* [WORK TASK]: Which lines run from the line with "The results of" through the line with "Règlement d´eau du" in the entries below? Print them exactly, both ends included, and nothing more.

━━━━━━━━

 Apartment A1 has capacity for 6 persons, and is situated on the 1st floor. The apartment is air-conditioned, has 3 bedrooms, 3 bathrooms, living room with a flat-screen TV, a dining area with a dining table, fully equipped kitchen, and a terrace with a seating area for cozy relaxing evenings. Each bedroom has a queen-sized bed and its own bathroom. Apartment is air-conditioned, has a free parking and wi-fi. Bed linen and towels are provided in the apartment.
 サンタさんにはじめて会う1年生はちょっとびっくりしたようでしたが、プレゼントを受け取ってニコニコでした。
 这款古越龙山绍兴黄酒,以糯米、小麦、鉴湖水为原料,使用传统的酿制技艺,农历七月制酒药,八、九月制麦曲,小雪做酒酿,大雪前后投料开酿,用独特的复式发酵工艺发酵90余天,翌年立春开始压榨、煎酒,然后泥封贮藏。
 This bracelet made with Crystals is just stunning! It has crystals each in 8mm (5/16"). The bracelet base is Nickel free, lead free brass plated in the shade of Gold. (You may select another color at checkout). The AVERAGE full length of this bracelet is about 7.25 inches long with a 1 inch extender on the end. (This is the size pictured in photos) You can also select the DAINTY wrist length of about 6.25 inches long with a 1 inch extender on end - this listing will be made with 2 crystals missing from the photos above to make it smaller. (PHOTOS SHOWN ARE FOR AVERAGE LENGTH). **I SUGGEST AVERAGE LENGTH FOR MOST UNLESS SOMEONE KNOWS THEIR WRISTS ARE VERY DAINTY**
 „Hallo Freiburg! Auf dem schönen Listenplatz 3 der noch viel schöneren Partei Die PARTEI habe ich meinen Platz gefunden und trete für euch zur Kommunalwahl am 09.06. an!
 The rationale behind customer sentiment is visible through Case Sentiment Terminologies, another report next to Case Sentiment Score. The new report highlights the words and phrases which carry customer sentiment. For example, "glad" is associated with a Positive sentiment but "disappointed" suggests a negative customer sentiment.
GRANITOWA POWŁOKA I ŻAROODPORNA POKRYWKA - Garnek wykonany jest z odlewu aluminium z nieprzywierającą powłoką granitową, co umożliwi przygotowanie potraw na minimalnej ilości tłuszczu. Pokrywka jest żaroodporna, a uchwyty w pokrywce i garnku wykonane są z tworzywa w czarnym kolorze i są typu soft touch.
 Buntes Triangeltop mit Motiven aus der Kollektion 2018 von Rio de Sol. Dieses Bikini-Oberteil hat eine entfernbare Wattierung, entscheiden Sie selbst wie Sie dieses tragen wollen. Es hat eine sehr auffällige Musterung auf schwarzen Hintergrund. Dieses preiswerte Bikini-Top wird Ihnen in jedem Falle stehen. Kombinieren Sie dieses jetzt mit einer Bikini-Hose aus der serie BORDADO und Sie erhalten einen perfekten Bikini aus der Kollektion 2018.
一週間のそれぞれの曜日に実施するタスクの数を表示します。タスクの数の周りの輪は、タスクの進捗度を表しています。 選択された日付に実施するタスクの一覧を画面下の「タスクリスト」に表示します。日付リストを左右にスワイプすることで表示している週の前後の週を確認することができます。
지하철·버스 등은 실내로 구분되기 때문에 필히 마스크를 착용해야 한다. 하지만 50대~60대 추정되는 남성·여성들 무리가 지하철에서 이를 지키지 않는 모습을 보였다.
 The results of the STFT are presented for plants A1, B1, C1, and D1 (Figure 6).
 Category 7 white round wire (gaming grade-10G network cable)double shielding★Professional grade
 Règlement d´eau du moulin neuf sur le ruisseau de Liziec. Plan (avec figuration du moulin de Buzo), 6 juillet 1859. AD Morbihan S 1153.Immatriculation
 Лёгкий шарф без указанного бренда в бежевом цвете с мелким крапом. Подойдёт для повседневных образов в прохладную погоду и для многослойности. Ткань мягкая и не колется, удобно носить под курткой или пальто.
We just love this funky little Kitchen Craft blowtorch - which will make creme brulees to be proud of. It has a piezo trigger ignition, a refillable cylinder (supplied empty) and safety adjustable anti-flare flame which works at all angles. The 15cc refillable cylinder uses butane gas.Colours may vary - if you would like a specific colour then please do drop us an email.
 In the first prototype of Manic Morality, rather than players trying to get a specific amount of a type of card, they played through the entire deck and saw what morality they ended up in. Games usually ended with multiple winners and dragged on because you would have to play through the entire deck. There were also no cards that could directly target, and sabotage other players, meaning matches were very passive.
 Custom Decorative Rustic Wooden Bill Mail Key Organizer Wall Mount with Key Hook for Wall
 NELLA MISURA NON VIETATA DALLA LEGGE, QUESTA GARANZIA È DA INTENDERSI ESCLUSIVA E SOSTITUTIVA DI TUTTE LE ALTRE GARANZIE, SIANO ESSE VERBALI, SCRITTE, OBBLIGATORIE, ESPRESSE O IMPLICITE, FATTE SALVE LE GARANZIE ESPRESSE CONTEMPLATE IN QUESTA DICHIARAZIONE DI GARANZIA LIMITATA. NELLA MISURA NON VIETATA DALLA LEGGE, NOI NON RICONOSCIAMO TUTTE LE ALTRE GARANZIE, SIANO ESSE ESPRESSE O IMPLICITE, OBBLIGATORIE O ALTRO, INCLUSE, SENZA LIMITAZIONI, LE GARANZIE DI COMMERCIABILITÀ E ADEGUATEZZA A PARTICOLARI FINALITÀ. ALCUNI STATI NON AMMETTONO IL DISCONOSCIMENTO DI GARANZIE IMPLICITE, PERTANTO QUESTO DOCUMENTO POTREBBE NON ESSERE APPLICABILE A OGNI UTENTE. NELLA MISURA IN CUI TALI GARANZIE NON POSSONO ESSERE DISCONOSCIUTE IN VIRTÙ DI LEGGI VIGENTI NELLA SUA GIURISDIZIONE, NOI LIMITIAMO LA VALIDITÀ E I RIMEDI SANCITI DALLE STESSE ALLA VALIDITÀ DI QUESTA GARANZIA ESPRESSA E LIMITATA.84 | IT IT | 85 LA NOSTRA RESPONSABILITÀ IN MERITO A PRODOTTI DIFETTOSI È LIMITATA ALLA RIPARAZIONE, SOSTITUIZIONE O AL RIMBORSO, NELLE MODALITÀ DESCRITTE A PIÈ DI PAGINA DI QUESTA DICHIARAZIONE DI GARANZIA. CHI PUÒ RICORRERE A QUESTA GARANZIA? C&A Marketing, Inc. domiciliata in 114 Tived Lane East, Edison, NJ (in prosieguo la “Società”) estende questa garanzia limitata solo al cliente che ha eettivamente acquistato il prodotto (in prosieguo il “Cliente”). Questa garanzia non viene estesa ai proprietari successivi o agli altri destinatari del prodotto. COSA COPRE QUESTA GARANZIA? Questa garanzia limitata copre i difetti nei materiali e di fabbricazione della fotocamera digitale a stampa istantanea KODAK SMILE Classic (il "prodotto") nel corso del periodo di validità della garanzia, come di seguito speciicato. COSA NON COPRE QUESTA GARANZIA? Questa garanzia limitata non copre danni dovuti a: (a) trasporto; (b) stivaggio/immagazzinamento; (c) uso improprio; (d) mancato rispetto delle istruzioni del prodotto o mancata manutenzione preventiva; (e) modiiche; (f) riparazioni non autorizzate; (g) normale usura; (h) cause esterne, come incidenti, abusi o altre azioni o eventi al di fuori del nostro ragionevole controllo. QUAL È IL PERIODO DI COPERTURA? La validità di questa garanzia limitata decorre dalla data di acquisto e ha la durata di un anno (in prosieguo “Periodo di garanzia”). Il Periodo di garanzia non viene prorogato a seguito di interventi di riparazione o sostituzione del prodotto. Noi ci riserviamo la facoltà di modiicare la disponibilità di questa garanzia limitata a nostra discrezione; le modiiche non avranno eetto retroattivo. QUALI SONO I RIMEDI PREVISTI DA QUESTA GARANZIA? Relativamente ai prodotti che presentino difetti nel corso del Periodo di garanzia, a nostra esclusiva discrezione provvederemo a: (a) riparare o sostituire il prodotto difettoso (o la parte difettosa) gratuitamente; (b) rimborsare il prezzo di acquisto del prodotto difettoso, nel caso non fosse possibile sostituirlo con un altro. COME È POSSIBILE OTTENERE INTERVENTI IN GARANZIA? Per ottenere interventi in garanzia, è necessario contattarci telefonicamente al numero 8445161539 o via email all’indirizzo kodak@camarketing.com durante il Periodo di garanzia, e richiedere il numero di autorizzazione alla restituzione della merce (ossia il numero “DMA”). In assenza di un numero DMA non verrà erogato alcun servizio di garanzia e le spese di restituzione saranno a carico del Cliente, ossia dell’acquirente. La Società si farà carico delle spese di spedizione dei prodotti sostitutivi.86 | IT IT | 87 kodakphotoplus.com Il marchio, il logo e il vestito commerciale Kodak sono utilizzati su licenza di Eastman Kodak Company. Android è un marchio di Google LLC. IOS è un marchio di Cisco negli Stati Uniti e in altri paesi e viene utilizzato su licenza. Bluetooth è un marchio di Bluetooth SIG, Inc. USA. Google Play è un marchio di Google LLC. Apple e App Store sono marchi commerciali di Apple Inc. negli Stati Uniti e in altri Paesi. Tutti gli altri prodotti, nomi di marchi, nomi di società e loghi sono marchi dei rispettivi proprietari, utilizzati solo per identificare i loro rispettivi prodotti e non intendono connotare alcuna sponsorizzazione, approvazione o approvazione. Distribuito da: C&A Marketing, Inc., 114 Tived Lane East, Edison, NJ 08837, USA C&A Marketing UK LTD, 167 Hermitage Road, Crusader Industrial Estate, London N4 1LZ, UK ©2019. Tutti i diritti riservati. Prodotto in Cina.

━━━━━━━━

* [PROBLEM SOLUTION]:
 The results of the STFT are presented for plants A1, B1, C1, and D1 (Figure 6).
 Category 7 white round wire (gaming grade-10G network cable)double shielding★Professional grade
 Règlement d´eau du moulin neuf sur le ruisseau de Liziec. Plan (avec figuration du moulin de Buzo), 6 juillet 1859. AD Morbihan S 1153.Immatriculation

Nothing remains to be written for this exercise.